Abrams, M.H.  Natural Supernaturalism:  Tradition and Revolution in Romantic Literature.  New York:  W.W. Norton, 1971.

Coleridge, Samuel Taylor.  The Complete Poetical Works of Samuel Taylor Coleridge.  Ed. Ernest Hartely Coleridge.  2 vols.  Oxford: Clarendon P, 1912.

—.  Lectures 1795 On Politics and Religion.  Eds. Lewis Patton and Peter Mann.  Princeton:  Princeton UP, 1971.  Vol. 1 of The Collected Works of Samuel Taylor Coleridge.  Ed. Kathleen Coburn.  16 vols.  1969-.

Ebbatson, J. R.  “Coleridge’s Mariner and the Rights of Man.”  Studies in Romanticism 11 (1972): 171-206.

Empson, William.  “The Ancient Mariner.”  Critical Quarterly 6 (1964): 298-319.

Keane, Patrick J.  Coleridge’s Submerged Politics:  The Ancient Mariner and Robinson Crusoe.  Columbia: U of Missouri P, 1994.

Kitson, Peter.  “Coleridge, the French Revolution, and The Ancient Mariner:  Collective Guilt and Individual Salvation.”  Yearbook of English Studies 19 (1989): 197-207.

Mee, John.  Dangerous Enthusiasm:  William Blake and the Culture of Radicalism in the 1790s.  Oxford:  Clarendon P, 1992.

Roe, Nicholas.  Wordsworth and Coleridge:  The Radical Years.  Oxford:  Clarendon P, 1988.

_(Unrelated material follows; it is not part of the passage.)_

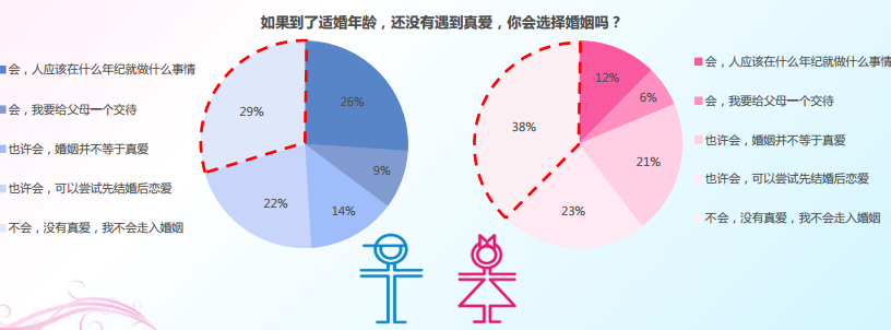 对于大部分单身而言,至今未能脱单的原因大多是未能寻找到自己的理想伴侣。根据世纪佳缘调研报告显示,成都男性最爱的理想女友类型为知性大方、知书达理和活泼开朗;成都女性最爱的理想男友为顾家体贴型,其次为阳光暖男和机智幽默。而在面对女友狂热追星这一态度上,52%的四川男性和53%成都男性表示介意,在全国各省份和重点城市的对比中均居首位。在恋爱开始的方式上,“一见钟情”往往被诸多人向往,根据调研报告显示,74%的成都男性相信一件钟情,重庆女性则为57%,远低于男性。而对于能产生“一见钟情”的原因,成都单身男女都最看重“靠近她时突然产生的感觉”。然而,“真爱”的寻觅充满了偶然性,而不断增长的年龄往往会不合时宜地成为了阻挡单身们寻觅“真爱”的屏障。面对“如果到了结婚年纪,还没有遇到真爱时,你会选择婚姻吗?”这一调研时,仅有30%的成都男性坚定选择会等到真爱来临才会走入婚姻;而成都女性态度较之则更为笃定,43%的重庆女性选择会等到真爱到来才走入婚姻。
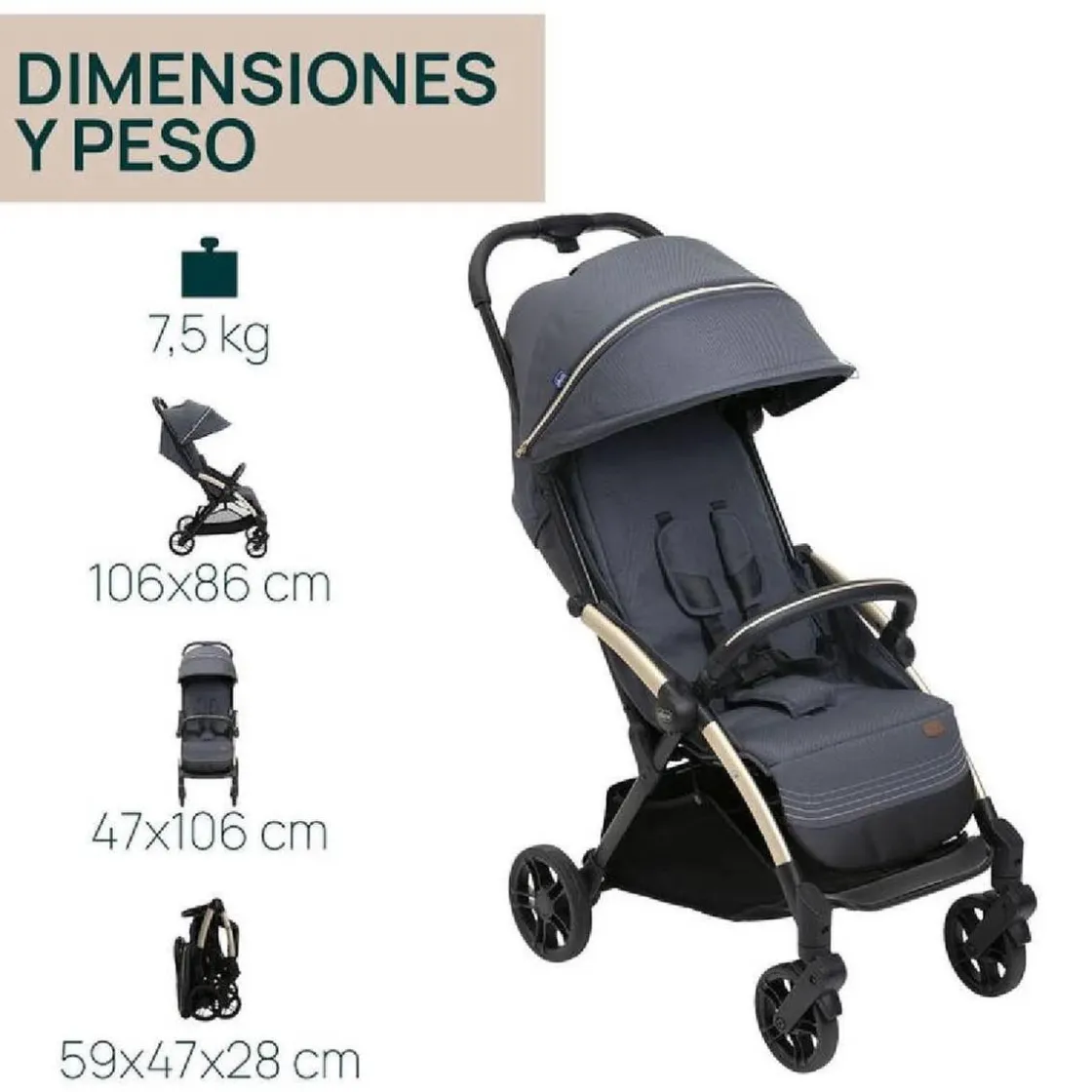 - Plegado automático: Con solo presionar un botón, la silla se pliega de manera automática, ideal para padres ocupados.

[1] William Empson suggests that the guilt and restitution theme hinges upon a cultural guilt associated with English colonial expansion and its horrific treatment of colonized peoples.  J. R. Ebbatson offers a similar political reading, arguing that the punishment and retribution is associated with a “European racial guilt, and the need to make restitution” (198).  Peter Kitson also examines issues of guilt, but the guilt he identifies is associated with Coleridge’s apostasy and retreat from effective politics, and the redemption theme reveals Coleridge’s desire for individual redemption through poetic and creative forces.  And most recently, Patrick J. Keane in his immense study Coleridge’s Submerged Politics:  The Ancient Mariner and Robinson Crusoe is most interested in the vacillations between fear and hope and light and dark that speak of Coleridge’s own philosophic and political vacillations between hope and despair over the events in France and the oppressive reactions of the Pitt administration.

[2] For this analysis I’ve chosen to study the 1798 Lyrical Ballads text, because it was written just two years or so after his most active political radicalism, when much of his creative energies were channeled away from political lecturing and essays toward the production of poetry, a poetry that was most directly informed by his political concerns, fears, and interests.